Привет, Сэд, тебе когда-нибудь доводилось отсылать факсы, находясь под кислотой? Это жутко, приятель, просто жутко. Я пробовал уже четыре раза, и мне кажется, я отправил вот эти самые страницы по крайней мере по трем адресам в разных точках мира: в ЦРУ, Скотленд-Ярд и Финскую полицию! Какая разница — куда, кому. В такую-то минуту, как говорится, в бурю любой порт хорош. Кто-то же должен это прочитать, а? Тут что-то наклевывается, что-то наглючивается, ха-ха-ха! Сейчас я держусь за край стола, чувствую, как ползет древесина под пальцами. Я вижу все ее шероховатости, все зазубринки, все царапинки, — черт возьми, это будто прозрение! Кто-то вынул мои глаза и вставил взамен микроскопы. Да, приятель, именно такое у меня ощущение. Оно уносит вспять, это чувство, к утробному и первородному вою. Я не дитя шестидесятых, нет, я рос в семидесятые, и все твердят мне, что настоящие времена — ну, когда все начиналось, — я пропустил. Но я не уверен, так ли это, совсем не уверен. Может, люди и не были тогда настолько обдолбанными, чтобы задумываться о чем-то, но наверняка они были-таки обдолбанными настолько, что просто ничего не могли изменить. Упс, говорю я, кислотная честность прет изо всех дыр, ударяет промеж глаз, бьет по морде. Кого я дурачу, приятель, я просто сижу здесь, мертвой хваткой вцепившись в стол, а знаешь, что делает Томный, знаешь, что делает этот печальный красавец? Разговаривает? Думаешь, он разговаривает, жжет меня своим глаголом, думаешь, он внезапно, после стольких лет молчания, обрел дар речи и принялся описывать, как Гюисманс,[19] мельчайшие подробности своего окружения, подбирая тончайшие определения для природы и природы вещей? Чушь, приятель, ничего подобного. Он расхаживает по комнате, кружит по ней, делая семь огромных шагов вдоль одной стены, затем шесть шагов, потом девять, потом снова семь. Он их считает — я знаю, — хотя с его губ не слетает ни звука. Я пытался считать вслух за него, но сбился после четырех, и теперь он снова шагает сам по себе. Я опоздал на пароход, Сэд, еще надеюсь поймать его на обратном пути, поймать тебя на обратном пути. Давай попозже, Сэд, а пока хватит тюкать на этой машинке, ладно?
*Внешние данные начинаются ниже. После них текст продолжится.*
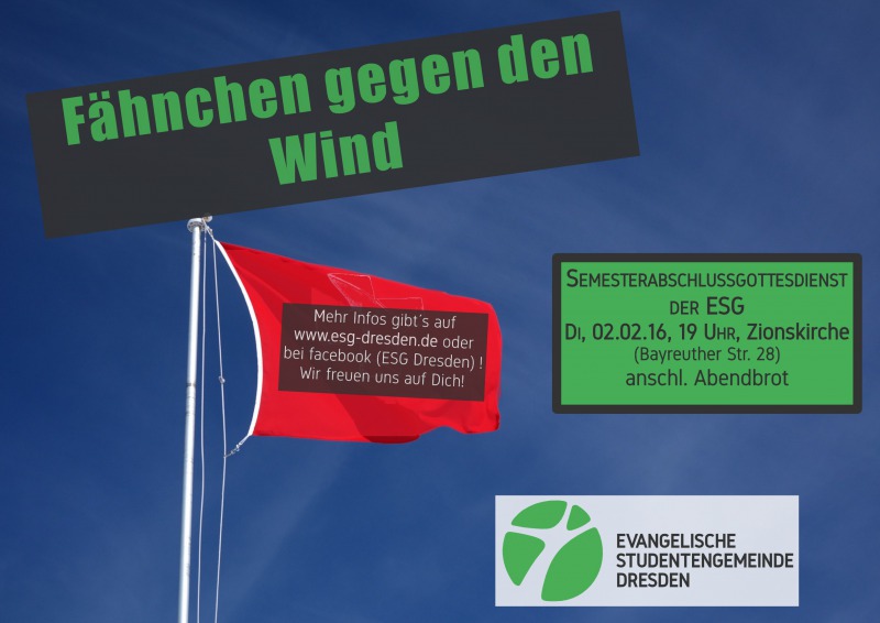 So, wie wir das Semester begonnen haben, wollen wir es auch am Ende schließen: Mit einem Gottesdienst. Im Anschluss an den Gottesdienst wird noch einmal gemeinsam richtig gefeiert. Referent*in: Vertrauensstudenten Termin(e): Dienstag, 02. Februar 2016 - 19:00Ort: Zionskirche

Когда я вхожу на Дичкову половину зала, мне навстречу светят два ярких огонька. Точнее говоря, две автомобильные фары.

— Доктор, у вас есть машина?

— Да.

— Вы куда-нибудь на ней поедете?

— Пока не собираюсь, а что?

— Тогда можно нам взять фары?

Казалось, Синт готова разобрать на части мою машину.

— Я уже думал об этом, но, боюсь, там даже стерео нет, даже радио.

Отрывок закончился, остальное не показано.